A tradição, nesse sentido, não constitui um obstáculo à compreensão: ela é a condição da própria compreensão. Não lemos fora da tradição, mas a partir dela. Toda leitura autêntica nasce do encontro entre o horizonte antigo da obra e o horizonte vivo daquele que a contempla.

Também por isso, a linguagem desta tradução não foi tratada como simples instrumento de transmissão verbal. Em certas obras, a palavra não comunica apenas um conteúdo: participa da própria revelação do sentido. Ritmo, cadência, imagem e sonoridade tornam-se inseparáveis da experiência simbólica que o texto procura oferecer.

Esta edição nasce, assim, do encontro entre diferentes respirações do mito. Apuleio permanece como a fonte narrativa fundamental e o artífice da extraordinária arquitetura simbólica da narrativa. Entre as vozes modernas que acompanharam este trabalho, a tradução de Ruth Guimarães ofereceu uma sobriedade literária e uma densidade imagética de grande valor, enquanto o poema em doze cantos de Robert Bridges contribuiu para recuperar algo da musicalidade e da atmosfera encantatória que frequentemente se atenuam nas versões excessivamente literais. Nenhuma dessas obras foi tomada como modelo exclusivo; cada uma contribuiu, à sua maneira, para aproximar esta edição da atmosfera espiritual que o mito preservou através dos séculos.

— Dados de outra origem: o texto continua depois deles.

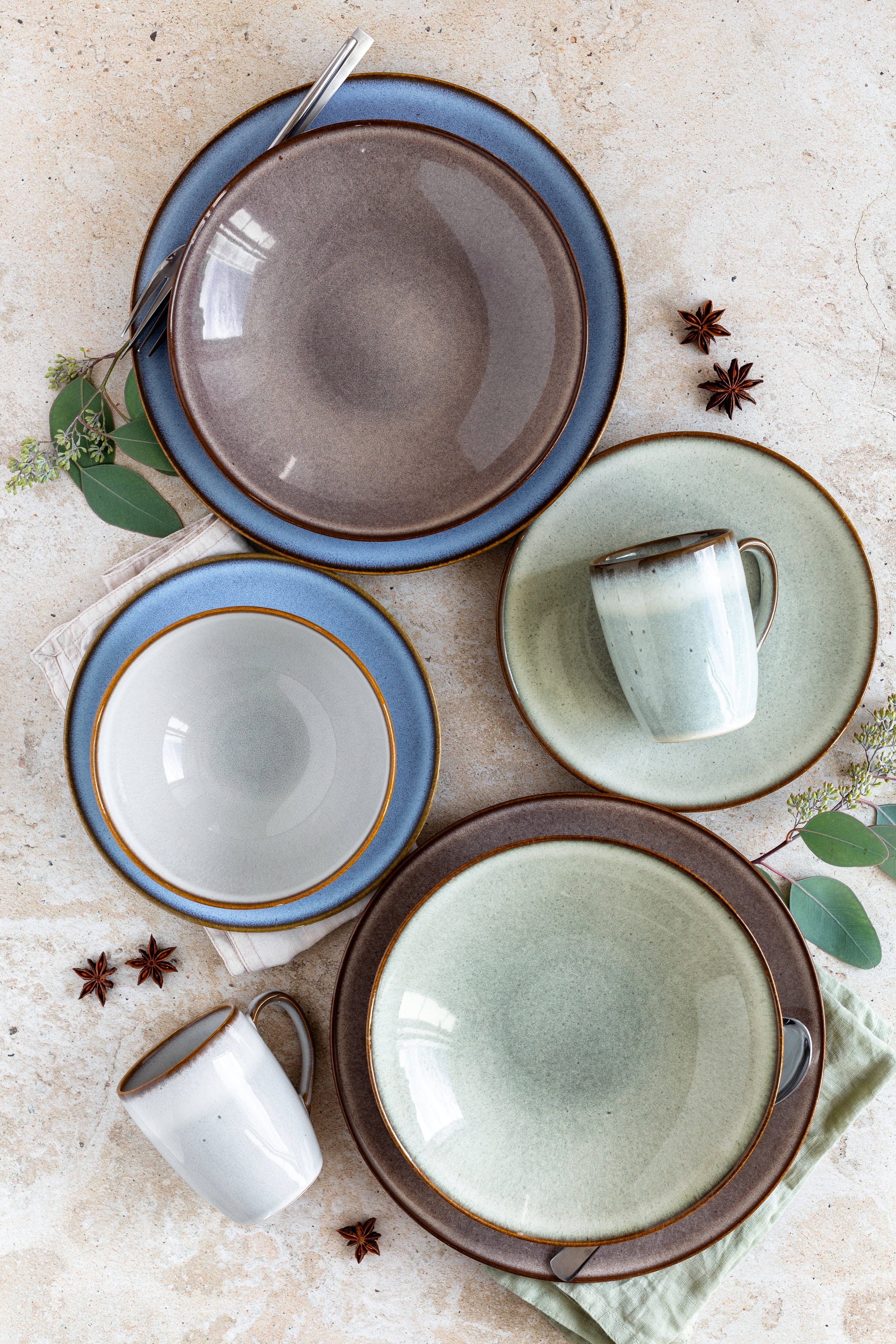 Wprowadź do swojego domu relaksujący styl Scandi dzięki temu ośmioczęściowemu serwisowi obiadowemu i ciesz się wyjątkowym połączeniem naturalnego ciepła z nowoczesną elegancją. Wykonany z wysokiej jakości kamionki, każdy element zachwyca specjalnym szkliwieniem reaktywnemu, które tworzy indywidualne przejścia kolorystyczne i wzbogaca Twój nakryty stół o prawdziwe unikaty.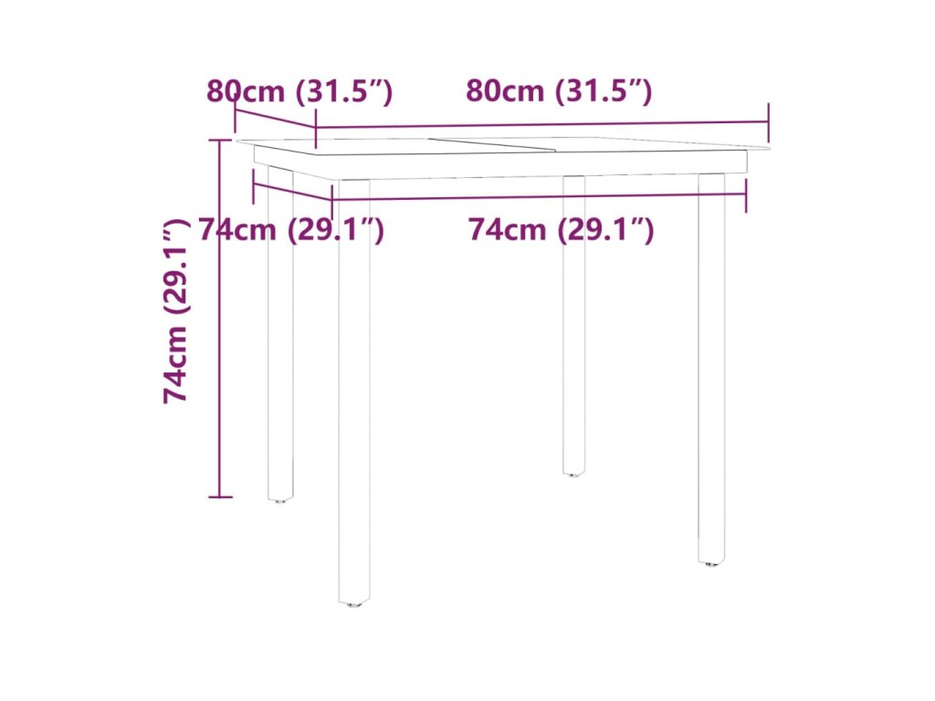 - Rozměry stolu: 80 x 80 x 74 cm (D x Š x V)

O resultado não pretende substituir o texto antigo, nem oferecer sua interpretação definitiva. Procura, antes, criar as condições para um novo encontro entre o leitor e uma narrativa que permanece viva justamente porque nunca cessou de falar à alma humana. Esta tradução deseja apenas restituir esse encontro, preservando, tanto quanto possível, a força simbólica, a beleza poética e a atmosfera espiritual que atravessam o relato de Apuleio. Certos livros não foram escritos apenas para serem compreendidos; foram escritos para serem contemplados, habitados e, por fim, para transformar aqueles que se deixam ler por eles.